A formula for accelerating autonomous anomaly detection
Machine learning is becoming increasingly important in identifying anomalies and thus improving the level of quality control autonomy in process industries. But training such systems to identify meaningful deviations from normal data is often challenging because of a paucity of real-world examples, writes 2nd ABB review of 2021.
With a view to overcoming this drawback, Corys and ABB have combined two simulation technologies to create an environment that generates data that is remarkably similar to that produced
by specific processes in real industrial plants. This new level of simulation accuracy opens the door to tailor-made, targeted and accelerated anomaly detection capabilities. Industrial facilities need to run as smoothly as possible. To do so, indications of potentialproblems, such as anomalous vibrations, temperatures, pressures, and sounds need to be detected, identified, analyzed, and managed in their earliest stages. Anomaly detection, a key form of machine learning, can play a major role here by effectively supporting plant operators as they monitor the health of industrial systems.
Machine learning models, however, are typically trained using historical plant data. But as industrial systems are very robust, there are often not enough examples of real failure cases in the data to train reliable models.
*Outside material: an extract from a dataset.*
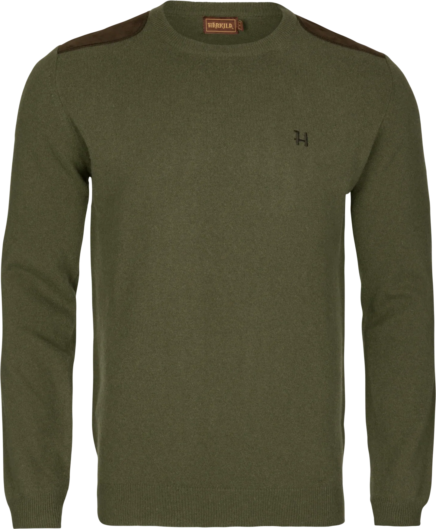 The Härkila Arran Pullover: a timeless wool sweater with micro-suede details, perfect for fall and winter. Versatile as a top layer or insulating midlayer. Comfortable fit, natural anti-bacterial and temperature-regulating properties. Stay stylish and cozy in colder seasons.

Moreover, even if some failure cases did occur, they are often hard to find in the data because they were not labeled as such by the operator, or because they were not noticed when they occurred. Furthermore, this state of affairs can lead to the mistaken identification of anomalous situations as being normal.
Creating an infrastructure for machine learning research
With a view to overcoming these drawbacks, data scientists are using high-fidelity process simulators, such as the Indiss Plus Simulator from Corys, to train machine learning models on specific normal and abnormal plant situations, such as, for example, valve failures, in order to correctly label such events. For instance, Corys and ABB have created an infrastructure for machine learning designed to explore the potential – as well as the data requirements – of different algorithms in a realistic setup. At the heart of the infrastructure are the simulation tools of the two companies: Corys’ process simulation Indiss Plus and ABB’s control system simulator 800xA Simulator.
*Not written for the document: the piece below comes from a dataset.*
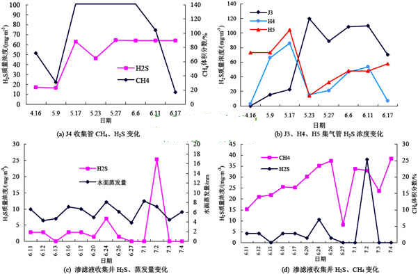 填埋區共選取J3、J4、H4、H5等4個垂直型沼氣收集管監測H2S氣體。H2S取氣口直接取氣分析;CH4采用采氣袋取氣,氣相色譜分析。

Individually, both tools have been proven to be highly accurate in several operator training projects. Now, in a combined configuration, the tools can generate a simulation of the behavior
of a process and its associated automation system, such as, for instance, a real plant’s control logic, including alarms and safety logic.
A key advantage of Indiss Plus in this setup is that it also opens the door to simulating various plant equipment failures, eg, a valve leakage. The resulting failure data can overcome the issue of not having a sufficient number of failure cases to support machine learning. To create simulation data sets suitable for the training and validation of a machine learning model, the execution of simulation experiments must be automated. In the present case, an experiment controller was developed. The experiment controller takes in an experiment plan describing when to perform various operator actions like setpoint changes and when to trigger failures within the Indiss Plus process simulation. The experiment controller performs batches of experiments, starting and stopping the process simulation from different initial process states and automatically performing operator actions. It also starts the data collection that receives data from an 800xASimulator, making it possible to use ABB’s 800xA as a simulated control system in a simulator, with identical operator layout, view and control logic as in the plant. The data and a protocol of the actions performed by the experiment controller are stored in a time-series database and made available to a data scientist for the training of machine learning models.